Data provided
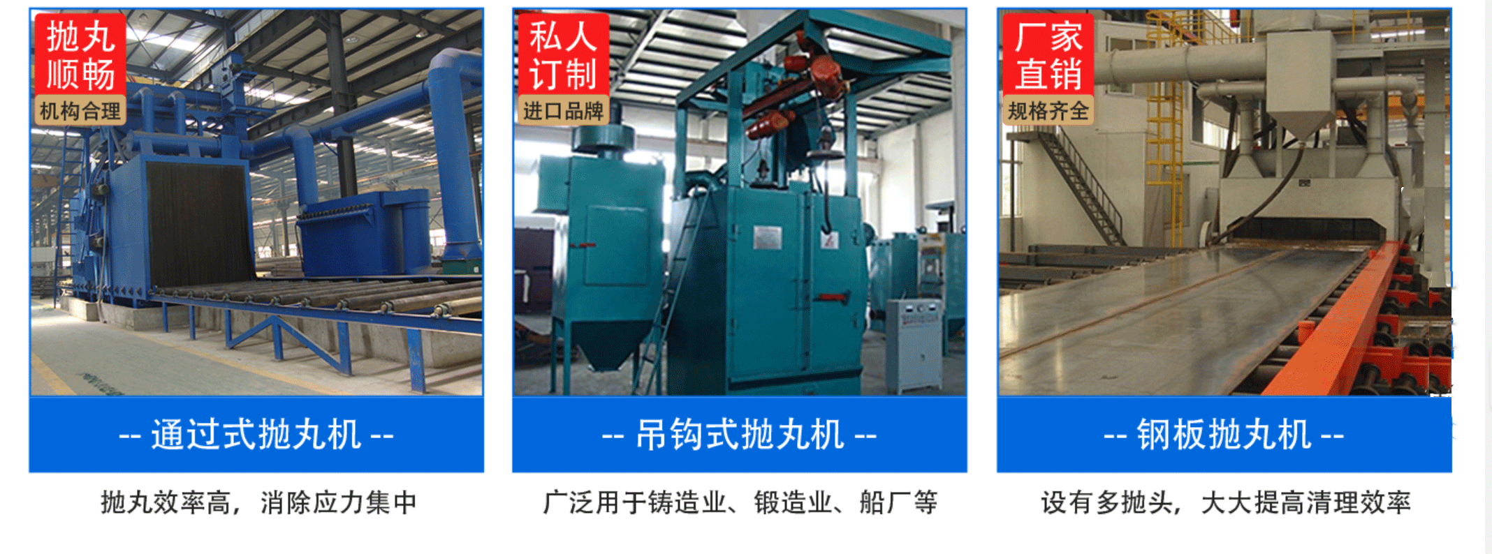 悬链式抛丸机适合于小型铸铁件、铸钢件、锻件及冲压件的抛丸清理,特别适合于锻件、铸件的清理,以去掉工件表面上的粘砂、铁锈、氧化皮、污物等,使工件表面呈现金属本色,消除工件内部应力,提高工件抗疲劳性,增加工件喷漆时的漆膜附着力,并最终达到提高工件表面及内在质量的目的。悬链式抛丸机分为Q38系列悬链式连续抛丸机、Q48系列悬链步进式抛丸机、Q58系列积放式抛丸机。
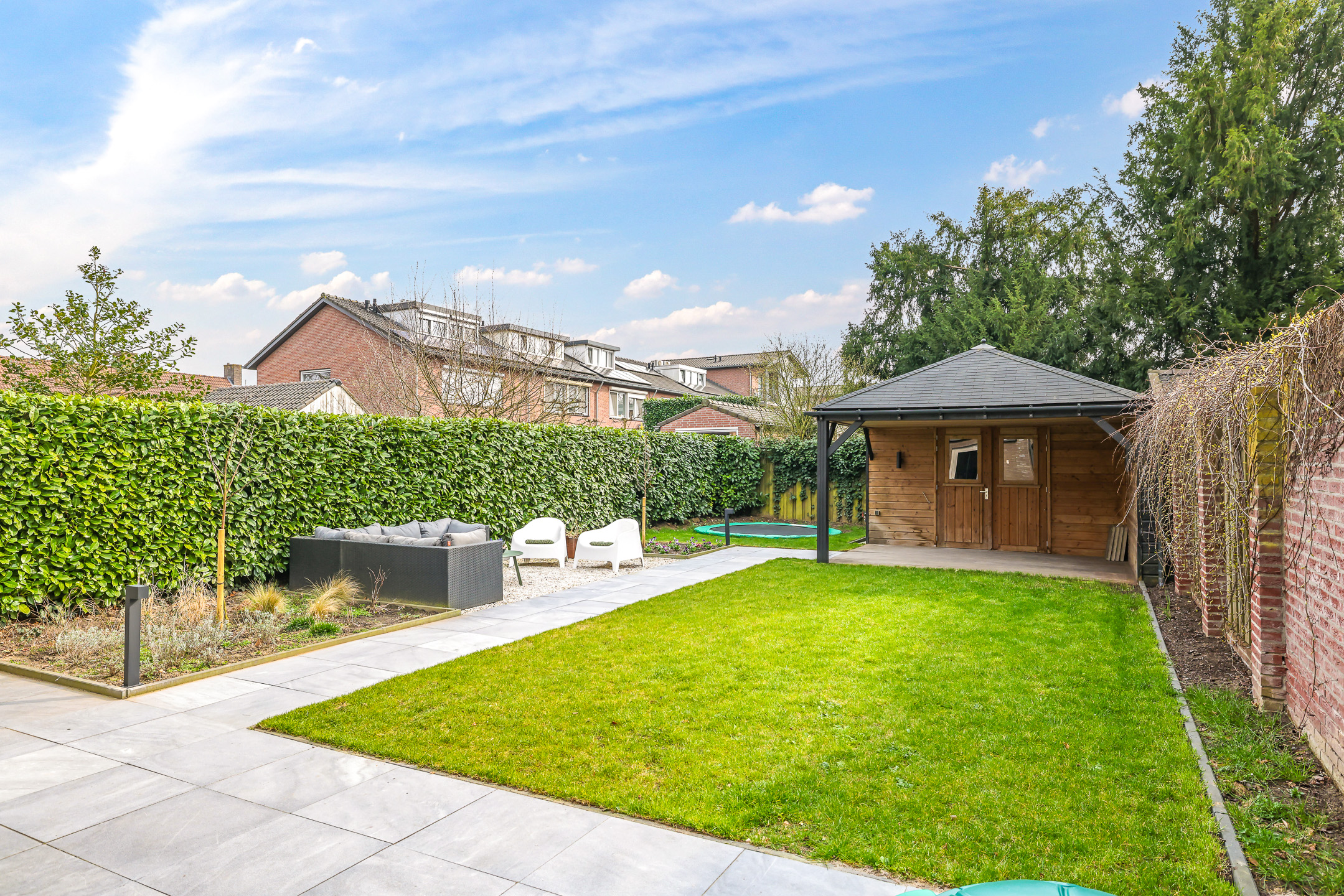 Een van de grootste verrassingen van dit huis? De tuin. Want zo centraal wonen met zo'n diepe achtertuin op het zuiden, dat is echt een luxe. Hier heb je ruimte voor een grote loungeset, een eettafel, speeltoestellen voor kinderen of gewoon lekker veel groen. De indeling is overzichtelijk en onderhoudsvriendelijk, met een mooi gazon en een ruim natuurstenen terras en looppad. Achterin is nog riant tuinhuis met vliering en overkapping.
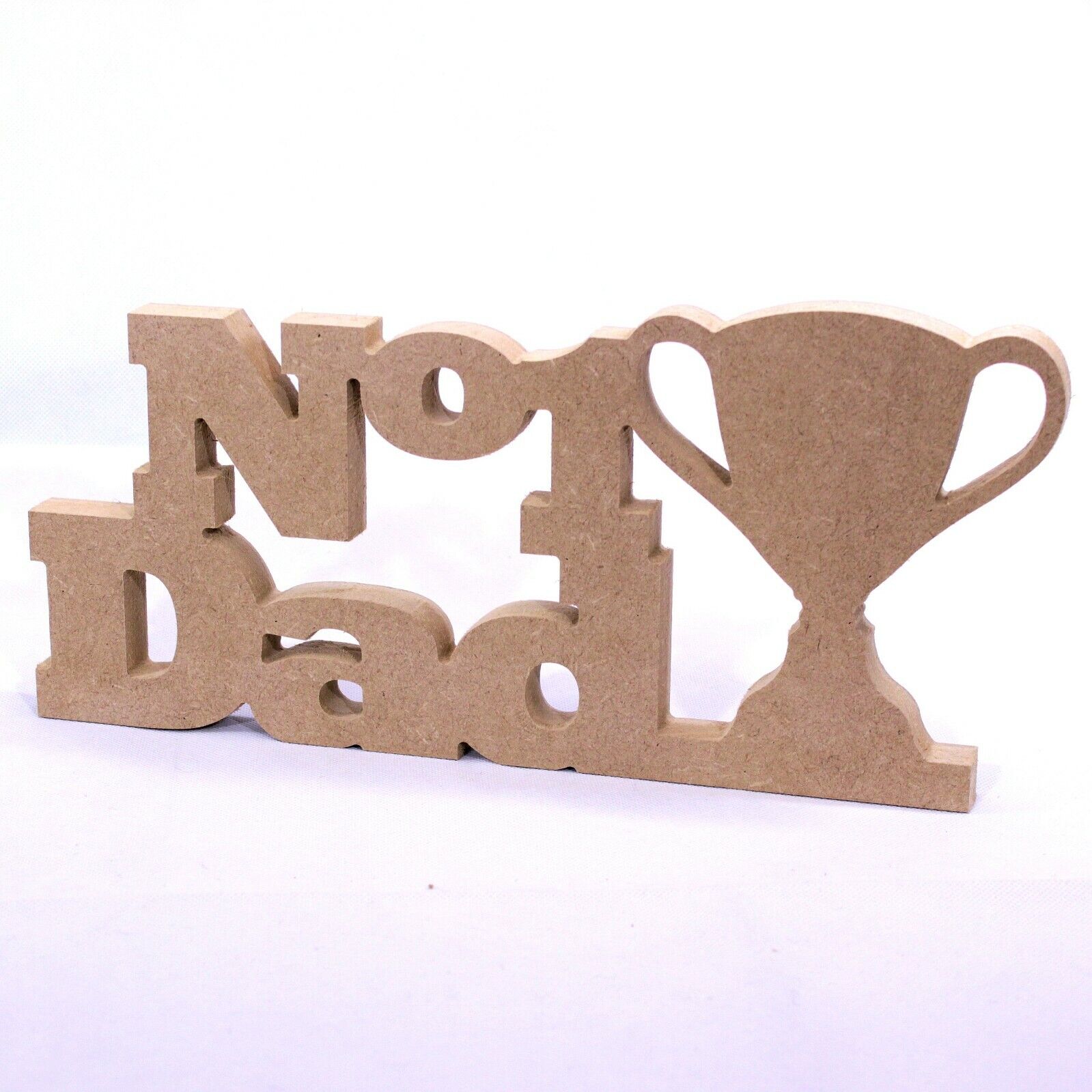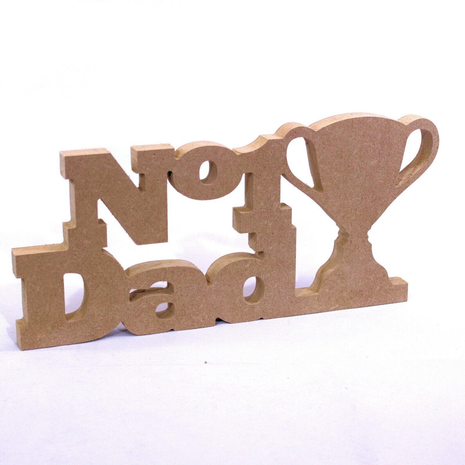 Free Standing No.1 Dad Words and Trophy. 18mm MDF Fathers Day, Number 1

Problem statement
In the copy, include no pictures, but repeat the listing exactly.

Answer below
 悬链式抛丸机适合于小型铸铁件、铸钢件、锻件及冲压件的抛丸清理,特别适合于锻件、铸件的清理,以去掉工件表面上的粘砂、铁锈、氧化皮、污物等,使工件表面呈现金属本色,消除工件内部应力,提高工件抗疲劳性,增加工件喷漆时的漆膜附着力,并最终达到提高工件表面及内在质量的目的。悬链式抛丸机分为Q38系列悬链式连续抛丸机、Q48系列悬链步进式抛丸机、Q58系列积放式抛丸机。
 Een van de grootste verrassingen van dit huis? De tuin. Want zo centraal wonen met zo'n diepe achtertuin op het zuiden, dat is echt een luxe. Hier heb je ruimte voor een grote loungeset, een eettafel, speeltoestellen voor kinderen of gewoon lekker veel groen. De indeling is overzichtelijk en onderhoudsvriendelijk, met een mooi gazon en een ruim natuurstenen terras en looppad. Achterin is nog riant tuinhuis met vliering en overkapping.
 Free Standing No.1 Dad Words and Trophy. 18mm MDF Fathers Day, Number 1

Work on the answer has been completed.